Just 'pv_native_pcpu_is_idle' or 'pv_is_native_pcpu_idle' maybe?

> +{
> +	return pv_ops.lock.pcpu_is_idle.func ==
> +		__raw_callee_save___native_pcpu_is_idle;
> +}
> +
>  void __init paravirt_set_cap(void)
>  {
>  	if (!pv_is_native_spin_unlock())
> @@ -40,4 +52,7 @@ void __init paravirt_set_cap(void)
>  
>  	if (!pv_is_native_vcpu_is_preempted())
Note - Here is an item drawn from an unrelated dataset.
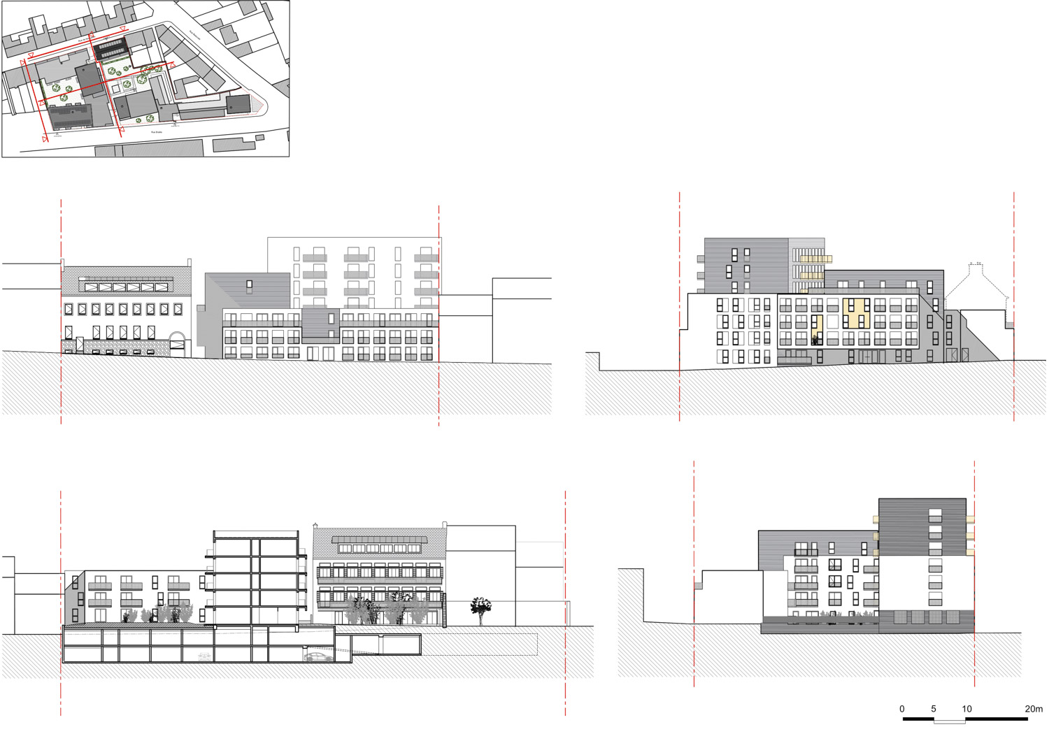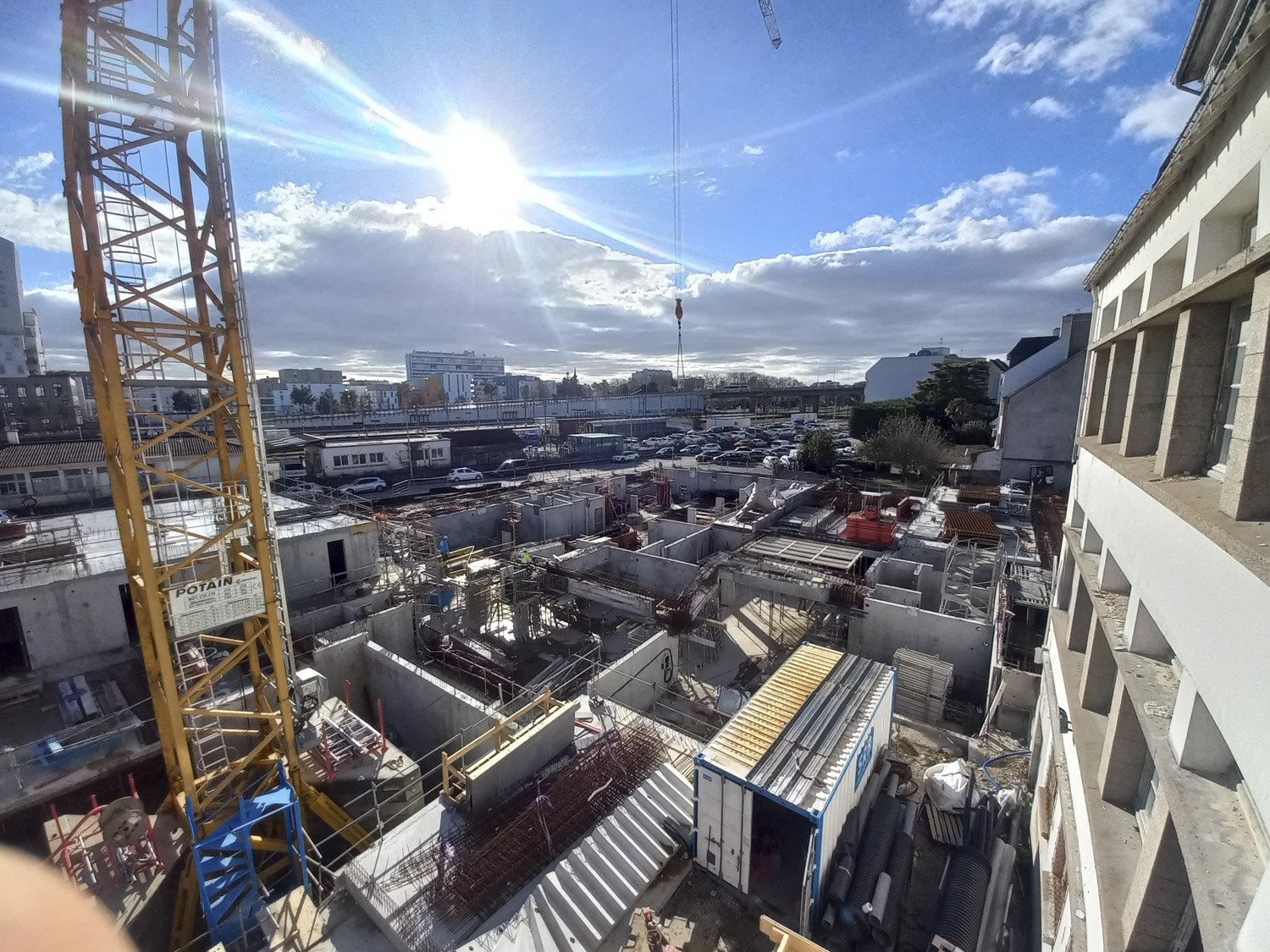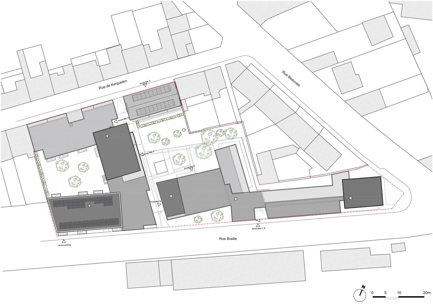 L’écriture architecturale privilégie des volumes sobres et rythmés, pensés à une échelle humaine. Les hauteurs des bâtiments s’adaptent aux gabarits alentour, assurant une transition fluide entre les différentes typologies urbaines du quartier. Au Nord, le tissu est principalement résidentiel, composé de maisons individuelles en R+1 ou R+2. En façade sur la rue de Kerguelen, les bâtiments A (conservé et réhabilité) et B conservent l’échelle de la rue s’élevant seulement en R+2 afin de préserver l’homogénéité de la rue.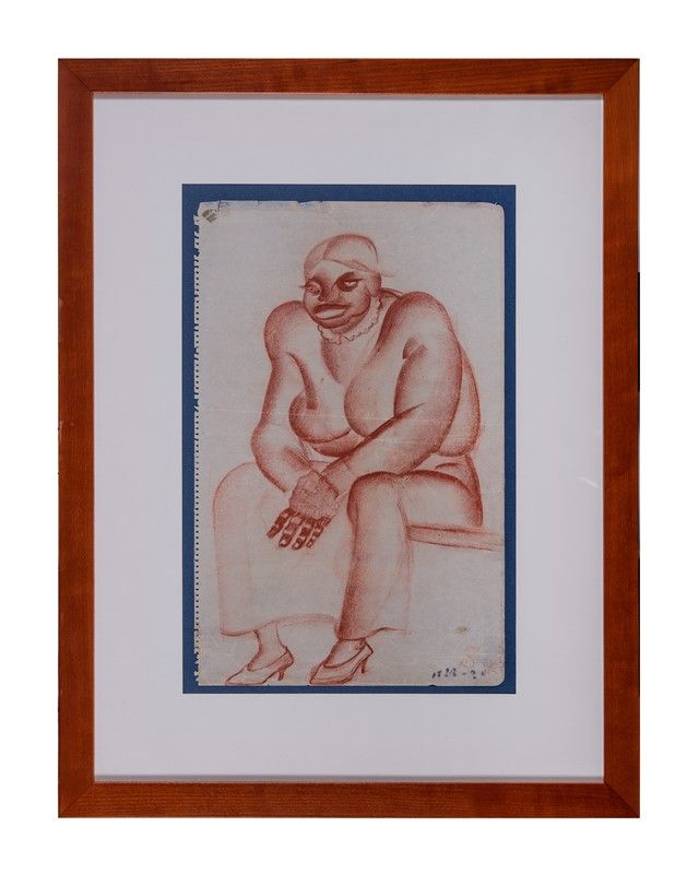 Sanguigna su carta. mm 415x265. Doppio monogramma e data in basso a destra. Etichetta contenente dati anagrafici dell'artista applicata all'angolo superiore sinistro del verso.

>  		setup_force_cpu_cap(X86_FEATURE_VCPUPREEMPT);
> +
> +	if (!pv_is_native_pcpu_is_idle())
> +		setup_force_cpu_cap(X86_FEATURE_PCPUISIDLE);
>  }
> diff --git a/arch/x86/kernel/paravirt.c b/arch/x86/kernel/paravirt.c
> index 04cafc057bed..4489ca6d28c3 100644
> --- a/arch/x86/kernel/paravirt.c
> +++ b/arch/x86/kernel/paravirt.c
> @@ -366,6 +366,8 @@ struct paravirt_patch_template pv_ops = {
>  	.lock.kick			= paravirt_nop,
>  	.lock.vcpu_is_preempted		=
>  				PV_CALLEE_SAVE(__native_vcpu_is_preempted),
> +	.lock.pcpu_is_idle              =
> +				PV_CALLEE_SAVE(__native_pcpu_is_idle),
>  #endif /* SMP */
>  #endif
>  };
> diff --git a/arch/x86/kvm/x86.c b/arch/x86/kvm/x86.c
> index e5d5c5ed7dd4..61bd01f82cdb 100644
> --- a/arch/x86/kvm/x86.c
> +++ b/arch/x86/kvm/x86.c
> @@ -3181,6 +3181,72 @@ static void kvm_vcpu_flush_tlb_guest(struct kvm_vcpu *vcpu)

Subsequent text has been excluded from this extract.